Letters to the Editor

One week in January I wrote fierce Letters to the Editor of two very different newspapers. My targets were on both ends of the political spectrum: Conrad Black and Rick Salutin. Surely this establishes some kind of record.

In the National Post on Saturday, January 21, Conrad Black assailed a book that I recently published under my imprint: Trudeau Transformed, by Max and Monique Nemni. He made the mistake of mentioning that he had not actually read the second volume of the series he dismissed as “hagiographies” and was relying on the excerpts that he had read.

My letter, which the National Post featured prominently, pointed out that he had broken “the basic law for book reviewers, that it is impossible to review fairly and honestly a book that you have not read.” The letter went on with equal vigour.

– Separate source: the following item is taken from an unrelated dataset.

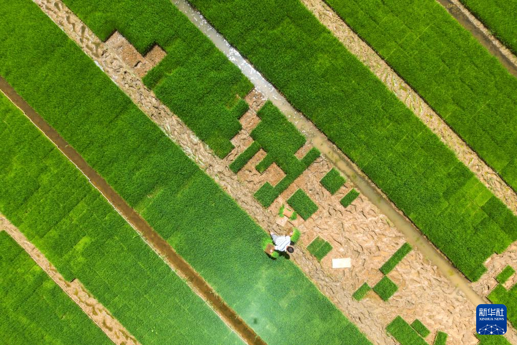 4月19日,在湖南省永州市道县白马渡镇东山村集中育秧基地,农民在起秧苗(无人机照片)。

In his next column, on Saturday, January 28, Conrad Black began, “I regret offending my cordial acquaintance Douglas Gibson. And I salute him for coming to the defence of his authors, Max and Monique Nemni, biographers of Pierre Trudeau. I think I can set his mind at ease on some points.”

What follows strikes me as coming as close to an apology as Mr. Black can manage. Watch this space to see if he goes on to read and review the disputed book.

By way of contrast, in his Friday, January 21, column in the Toronto Star, Rick Salutin took aim at the respect shown for storytelling skills. His provocative headline “Enough with the Storytelling” was enough to rouse me, the author of a book entitled Stories About Storytellers, to protest in print. In my response, I praised the central role of storytelling, not only in our fiction, but in our non-fiction writers, too, including our politicians. I suggested that history shows that success – in elections, in courtrooms, in contract bids, and in book sales – goes to the person who tells the best story.

I would even go so far as to say that storytelling, like the opposable thumb, is a basic human characteristic. And stories, which allow us to get inside the heads and hearts of other people, are perhaps the original “social media.”